Documents mailed by a security guard acting as a whistleblower within the Department of Parliamentary Services (DPS) were intercepted and read before reaching the MP they had been sent to, the Federal Court has heard.
- The whistleblower contacted an MP with allegations against DPS staff, but it was intercepted, the court heard
- The man was sanctioned and his bid to defend himself in court has been rejected
- But the judge criticised whistleblower laws as “impenetrable”
But the whistleblower’s attempts to reverse sanctions imposed on him following his attempted disclosure were rejected by the judge based on the timeframe by which he lodged them and the fact he could not establish that he had a case.
But in his judgment, Justice John Griffiths slammed Australia’s whistleblower laws as “technical, obtuse and intractable”.
The court heard that after learning his mail to the MP had been intercepted, the whistleblower — a security guard — sought an injunction in the Federal Court to prevent sanctions against him.
He said he had made a public interest disclosure in mailing 80 pages of documents to the unnamed MP.
He failed in his bid because the court found his actions were not protected under public interest disclosure laws.
Whistleblower caught out by timeframe technicality
According to the court judgment, the documents mailed by the security guard in October last year contained a range of allegations against high-ranking staff at the Department of Parliamentary Services, including its handling of investigations and review processes.
He told the court there were also allegations relating to answers given in Senate estimates proceedings about a security incident.
He also alleged a senior DPS officer had sought to cover up and avoid formal processes over a threat of physical violence made by a supervisor against a subordinate.
He alleged multiple breaches of the parliamentary services code of conduct “including deception by providing and attempting to provide false, misleading and deliberately incomplete evidence to Senate estimates hearings and answers to questions on notice”.
Before going to the MP, he lodged an internal disclosure with the department in June 2018, abiding by whistleblower laws that require public servants to raise their concerns internally at the outset.
Whistleblower laws also require an internal investigation following a disclosure from a whistleblower be completed within 90 days.
And while the guard did wait 90 days before posting the documents to the MP on October 9, in what he intended to be an external disclosure, the department did not begin its investigation until October 11.
Under the laws the 90 day clock only began on that date, and it was subsequently extended twice.
It was also revealed in court that some additional information was included in the second disclosure, further derailing the whistleblower’s case.
In the wake of his disclosure, the officer was suspended from duty and was found to have breached the parliamentary services code of conduct.
Whistleblower laws ‘impenetrable’
The court heard the guard’s case alleged the envelope’s interception, his suspension, and the investigation had been a reprisal for his disclosure, and in breach of whistleblower laws.

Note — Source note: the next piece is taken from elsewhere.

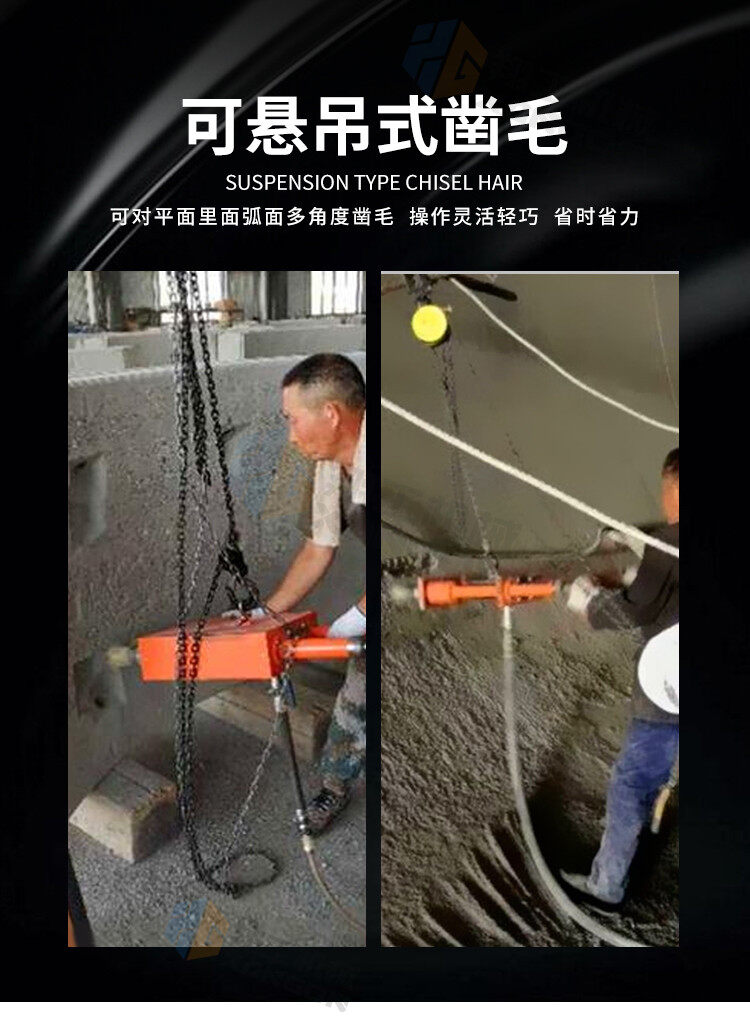 手持式懸掛鑿毛機(jī)機(jī)身有吊環(huán),鑿墻面的話吊起來使用,對(duì)平面、立面、弧形等多角度進(jìn)行鑿毛作業(yè),打擊力大、鑿深自如,應(yīng)用領(lǐng)域非常廣泛,又省力還方便。 主要適用于水庫、大壩滲漏,險(xiǎn)橋危橋、電廠、隧洞、高速公路、鐵路橋面以及箱梁混凝土等眾多領(lǐng)域 。主要是對(duì)混凝土表面進(jìn)行剔鑿,建筑物墻體、地面以及市政工程混凝土面層剔除、修補(bǔ)、翻新、加固等。

He sought court intervention to set aside a number of findings and decisions, and applied for an injunction to freeze any action until a full case could be heard.
He also wanted an apology and compensation.
In court, DPS staff defended the interception, saying the envelope had already been opened — it was not known by whom — and they were not aware of its contents as a public interest disclosure when its contents were inspected.
In its judgment, the Federal Court refused the whistleblower’s injunction, as it found his mailing of material to the parliamentarian was not protected by whistleblower laws.
Justice Griffiths said the timeframe and the fact that additional information had been added to the mailed disclosure disqualified it from being legitimate.
However, Justice Griffiths criticised the whistleblower legislation, describing it as “technical, obtuse and intractable”.
He observed that the whistleblower’s attempt was hampered primarily by the timeframe requirements and the fact the second, external disclosure contained some new information.
“This may reflect the multiple compromises which have been struck in weighing the competing public and private interests,” he wrote in the judgment.
“It is acknowledged that reconciling these competing objects is not an easy exercise and is one for the Parliament.
“But the outcome is a statute which is largely impenetrable, not only for a lawyer, but even more so for an ordinary member of the public or a person employed in the Commonwealth bureaucracy.”
The full case has since been withdrawn.